De heer Knops (CDA): Ik weet dat u ermee bezig bent. Het punt dat ik gemaakt heb, ligt voor uw ambtsperiode, dus u kunt er gerust vrij over spreken. De vraag zou op tafel moeten liggen of, als dit weer mocht voorkomen, we überhaupt zo'n camping gaan uitplaatsen. Of gaan we dan de lijntjes anders trekken en onze eigen activiteiten anders regelen? Dit kost heel veel tijd, manuren en geld. Dit is die grote broek waarmee Defensie heel lang geleefd heeft. Dit is het zelf creëren van een probleem dat vervolgens moeilijk oplosbaar is.
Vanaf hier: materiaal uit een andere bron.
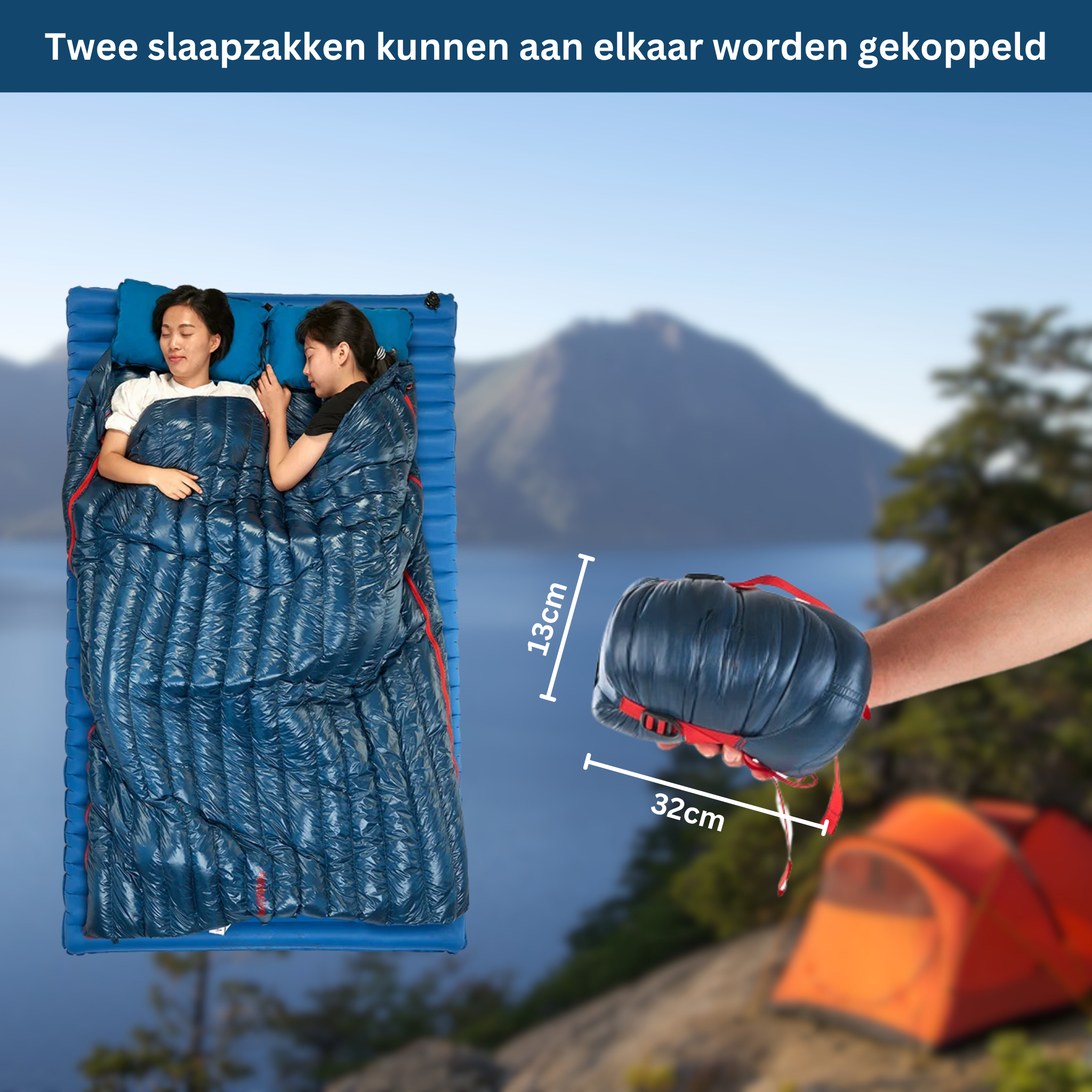 U kunt ook twee slaapzakken aan elkaar koppelen om een extra groot slaapoppervlak te creëren.
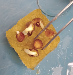 Hari ke-3 (07/12) atau setelah 48 jam bungkus plastik dibuka. Benih biji berkecambah mulai banyak meski masih ada yang belum.
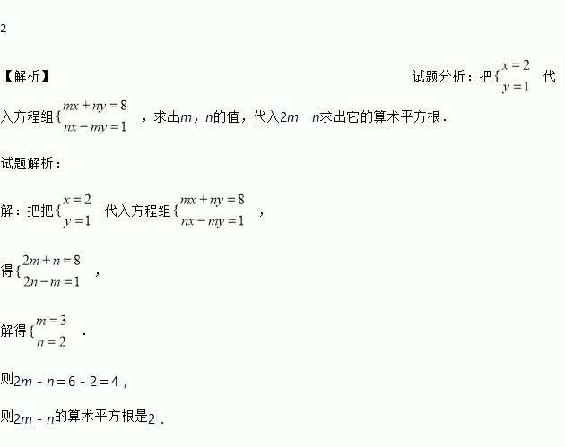 已知是二元一次方程组的解,求2m-n的算术平方根.
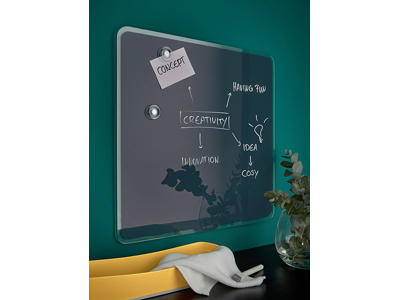 • Skriv eller sæt dine noter direkte på den magnetiske, glas whiteboardtavle-overflade
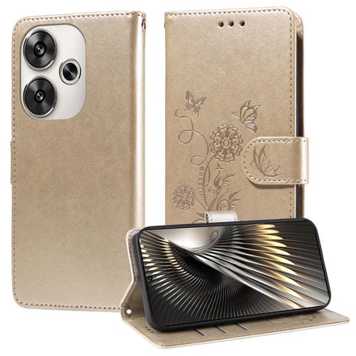 Funda de Cuero con Diseño de Mariposas y Flores En Relieve para Xiaomi Poco F6 (Dorada)
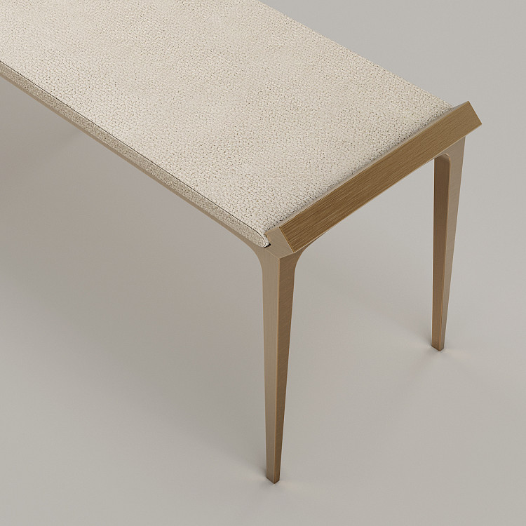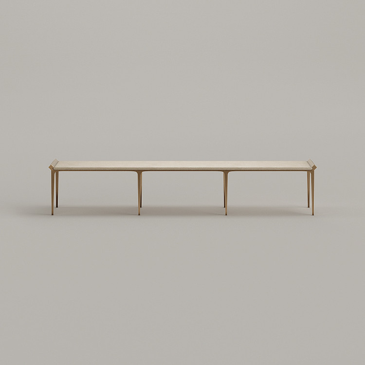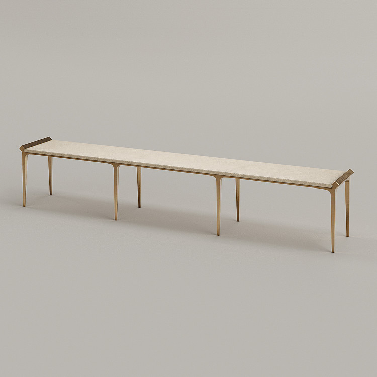Банкетка Modénature Diamant Grand Bench от Ivan Basov является самой крупной в коллекции Diamant. Ее длина составляет 2 метра 54 сантиметра, а нестандартную высоту модели обеспечивают восемь длинных ножек очень тонкого сечения. Они поддерживают раму, края которой выделены невысокими бортиками. Внутри образованного ею прямоугольника расположено длинное строгое сиденье.

Minister Hillen: Ik durf niet met terugwerkende kracht een waardeoordeel hierover te geven. Daarvoor weet ik te weinig over het ontstaan van dit probleem. Ik ben het wel met u eens dat we het niet moeten laten, als we kunnen faciliteren door het met weinig moeite iets anders in te richten.
Voorzitter. De heer Knops heeft gezegd dat ik klink alsof ik weinig betrokken ben bij Eygelshoven. Ten eerste is de Kamer niet zomaar wat, maar het gaat mij erom dat ik Eygelshoven geen valse hoop wil geven. Bij Weert is men bezig. Daar gaan we naar de tweede echelon toe om te kijken er wat kan. We hebben ze even in de wacht gezet. Over Eygelshoven heb ik gezegd dat ik serieus bij de Amerikanen en de Duitsers zal informeren wat de mogelijkheden zijn. Ik verwacht er niet zoveel van, dus wil ik Eygelshoven ook geen hoop geven, maar ik ga die telefoontjes echt wel heel serieus doen.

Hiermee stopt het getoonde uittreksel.